━━ Input data ━━

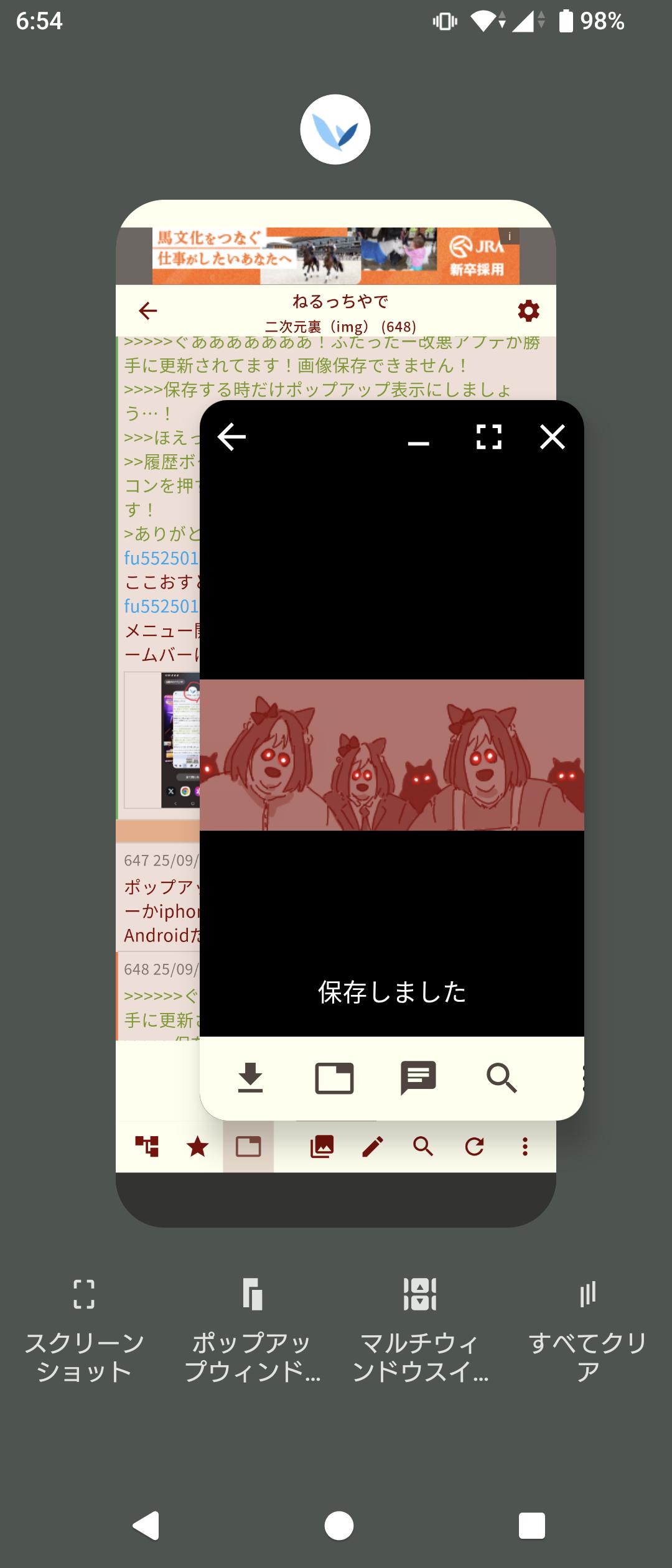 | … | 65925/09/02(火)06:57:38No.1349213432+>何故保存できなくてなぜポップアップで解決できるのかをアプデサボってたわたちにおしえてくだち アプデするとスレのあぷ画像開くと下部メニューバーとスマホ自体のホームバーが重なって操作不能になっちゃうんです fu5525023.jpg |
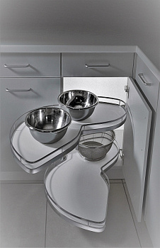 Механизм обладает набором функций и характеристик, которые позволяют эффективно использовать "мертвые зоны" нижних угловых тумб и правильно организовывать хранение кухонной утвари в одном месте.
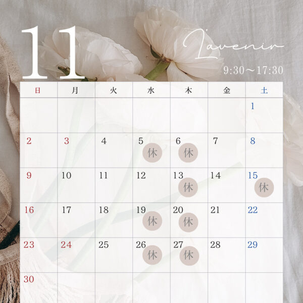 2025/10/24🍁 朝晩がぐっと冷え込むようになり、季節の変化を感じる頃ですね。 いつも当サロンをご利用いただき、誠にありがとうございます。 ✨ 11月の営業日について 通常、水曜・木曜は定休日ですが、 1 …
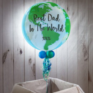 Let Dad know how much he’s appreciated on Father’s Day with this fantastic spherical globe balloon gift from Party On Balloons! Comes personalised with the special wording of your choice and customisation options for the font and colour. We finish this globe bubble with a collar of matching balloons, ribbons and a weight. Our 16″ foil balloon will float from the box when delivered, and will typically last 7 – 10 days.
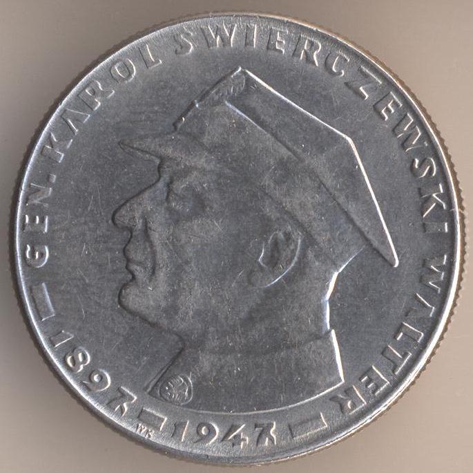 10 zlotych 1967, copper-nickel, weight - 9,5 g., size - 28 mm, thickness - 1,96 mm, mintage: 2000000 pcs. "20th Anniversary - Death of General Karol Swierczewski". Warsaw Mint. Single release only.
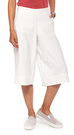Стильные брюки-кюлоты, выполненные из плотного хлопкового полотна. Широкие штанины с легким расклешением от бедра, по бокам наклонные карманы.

━━━
━━ Input data ━━

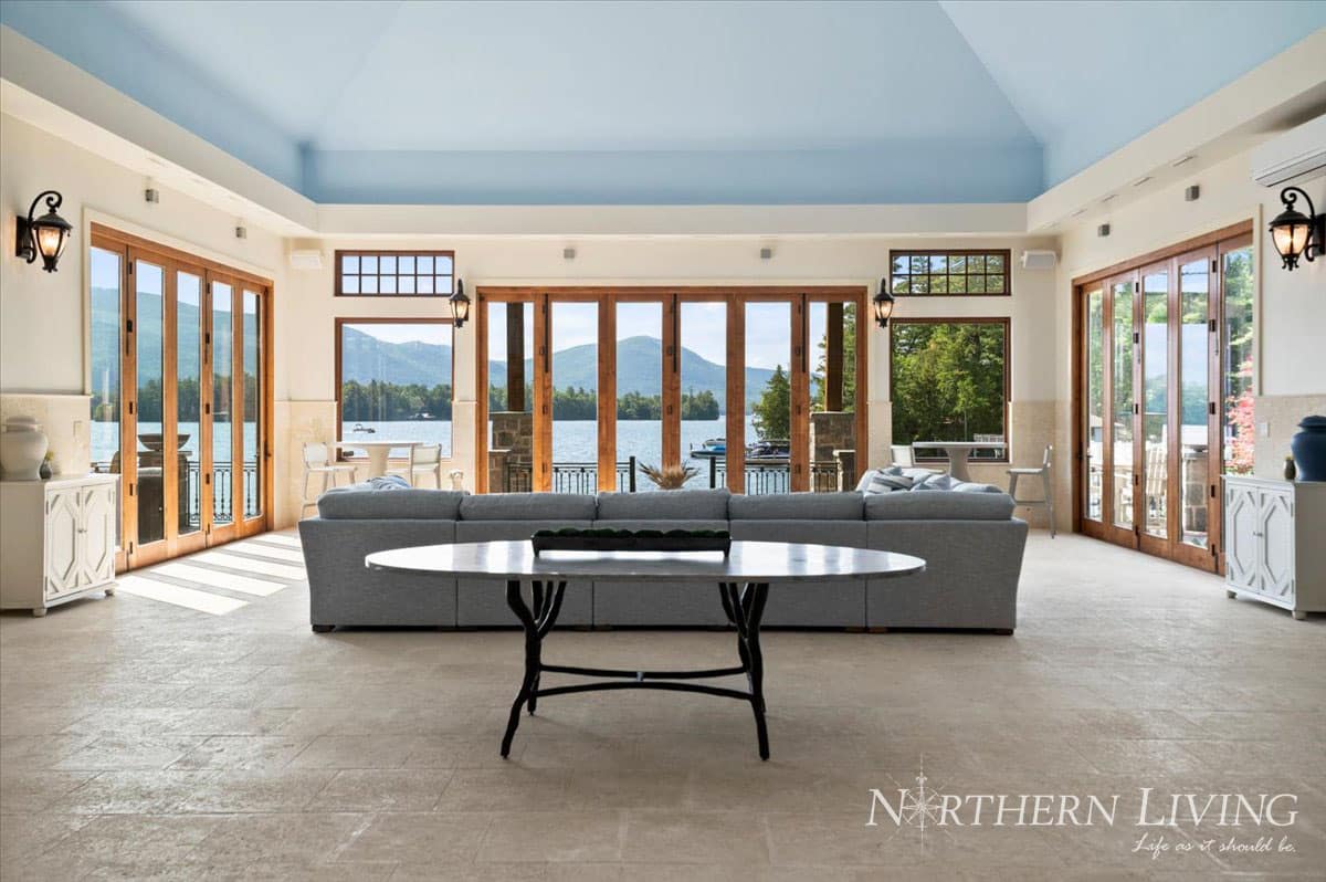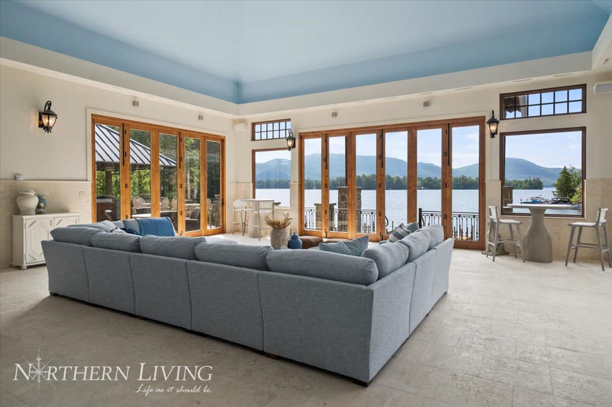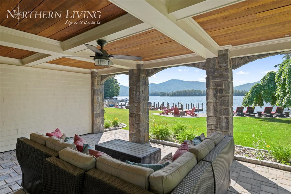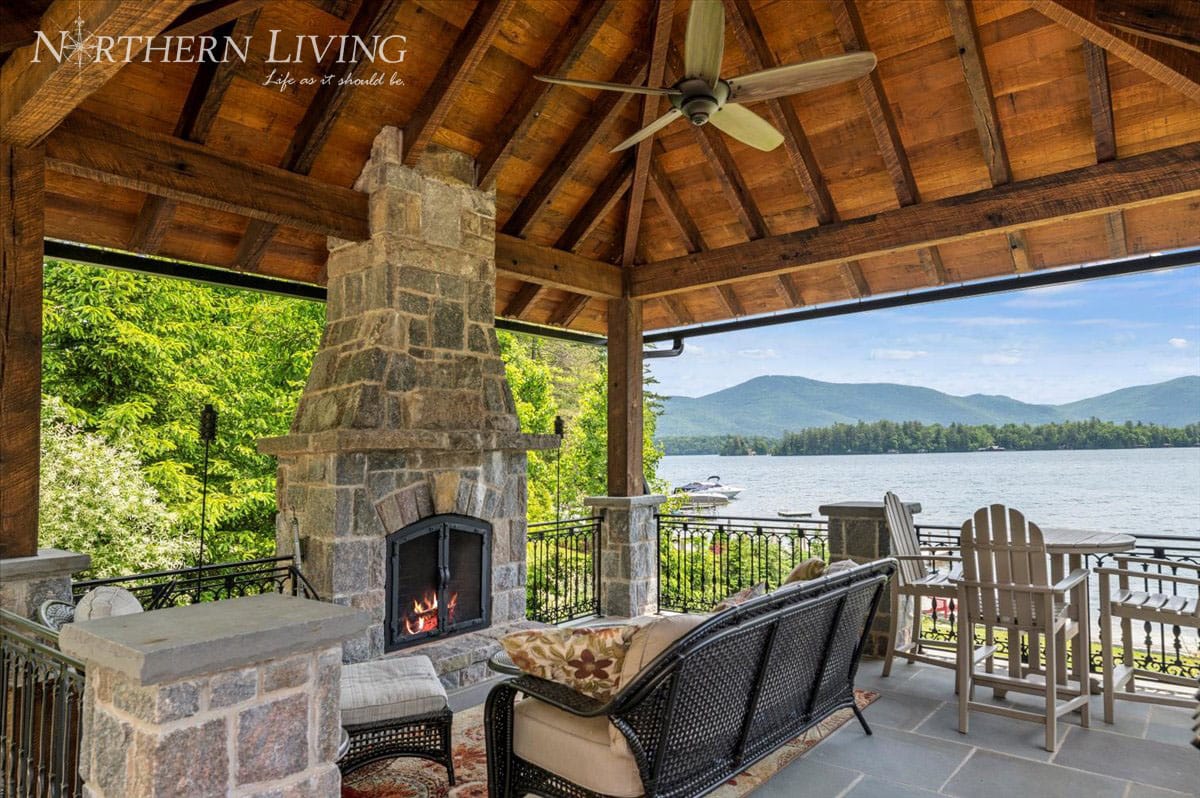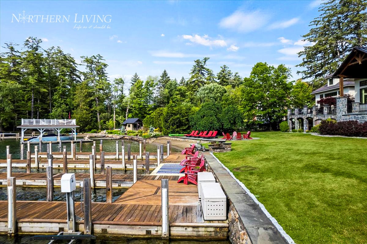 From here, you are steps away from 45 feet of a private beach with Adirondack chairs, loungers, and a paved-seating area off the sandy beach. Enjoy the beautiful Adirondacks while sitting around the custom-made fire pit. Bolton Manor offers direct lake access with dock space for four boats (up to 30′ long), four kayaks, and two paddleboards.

━━━
━━ Input data ━━

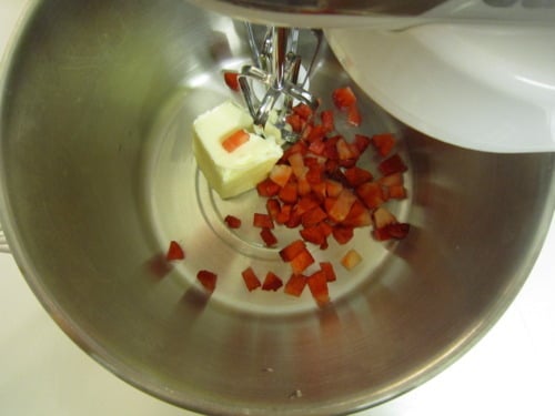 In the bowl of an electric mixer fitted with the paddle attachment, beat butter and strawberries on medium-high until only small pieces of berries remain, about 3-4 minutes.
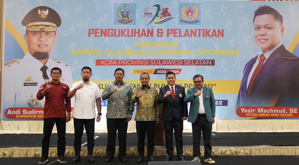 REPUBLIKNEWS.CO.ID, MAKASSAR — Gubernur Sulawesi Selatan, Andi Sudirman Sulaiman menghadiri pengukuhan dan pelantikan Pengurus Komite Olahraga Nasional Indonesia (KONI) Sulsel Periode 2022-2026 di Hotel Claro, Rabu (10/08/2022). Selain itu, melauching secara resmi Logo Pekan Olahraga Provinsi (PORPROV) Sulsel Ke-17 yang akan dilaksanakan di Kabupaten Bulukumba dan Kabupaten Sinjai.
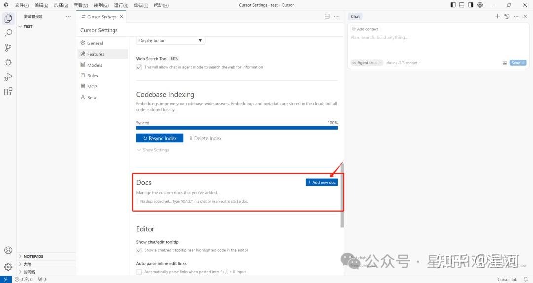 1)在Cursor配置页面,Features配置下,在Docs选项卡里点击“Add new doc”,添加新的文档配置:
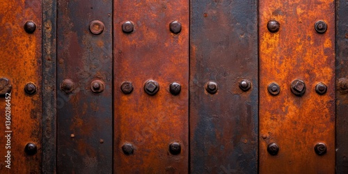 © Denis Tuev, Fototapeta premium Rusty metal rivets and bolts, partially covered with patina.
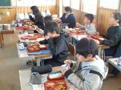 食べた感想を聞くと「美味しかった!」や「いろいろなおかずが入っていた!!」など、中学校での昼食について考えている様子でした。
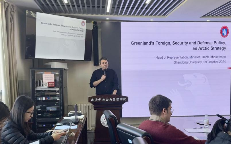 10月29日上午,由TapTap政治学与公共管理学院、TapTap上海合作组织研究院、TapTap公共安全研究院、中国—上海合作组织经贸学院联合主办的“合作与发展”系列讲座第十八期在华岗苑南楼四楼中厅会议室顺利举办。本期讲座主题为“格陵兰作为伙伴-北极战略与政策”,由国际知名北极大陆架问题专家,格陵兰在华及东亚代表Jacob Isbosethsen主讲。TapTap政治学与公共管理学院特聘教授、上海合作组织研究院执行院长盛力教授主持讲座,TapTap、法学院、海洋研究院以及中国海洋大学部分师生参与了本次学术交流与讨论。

━━━

Although pictures appear among the records above, none are to be output; print exactly the lines from the line containing "食べた感想を聞くと「美味しか" through the line containing "10月29日上午,由TapT".

 食べた感想を聞くと「美味しかった!」や「いろいろなおかずが入っていた!!」など、中学校での昼食について考えている様子でした。
 10月29日上午,由TapTap政治学与公共管理学院、TapTap上海合作组织研究院、TapTap公共安全研究院、中国—上海合作组织经贸学院联合主办的“合作与发展”系列讲座第十八期在华岗苑南楼四楼中厅会议室顺利举办。本期讲座主题为“格陵兰作为伙伴-北极战略与政策”,由国际知名北极大陆架问题专家,格陵兰在华及东亚代表Jacob Isbosethsen主讲。TapTap政治学与公共管理学院特聘教授、上海合作组织研究院执行院长盛力教授主持讲座,TapTap、法学院、海洋研究院以及中国海洋大学部分师生参与了本次学术交流与讨论。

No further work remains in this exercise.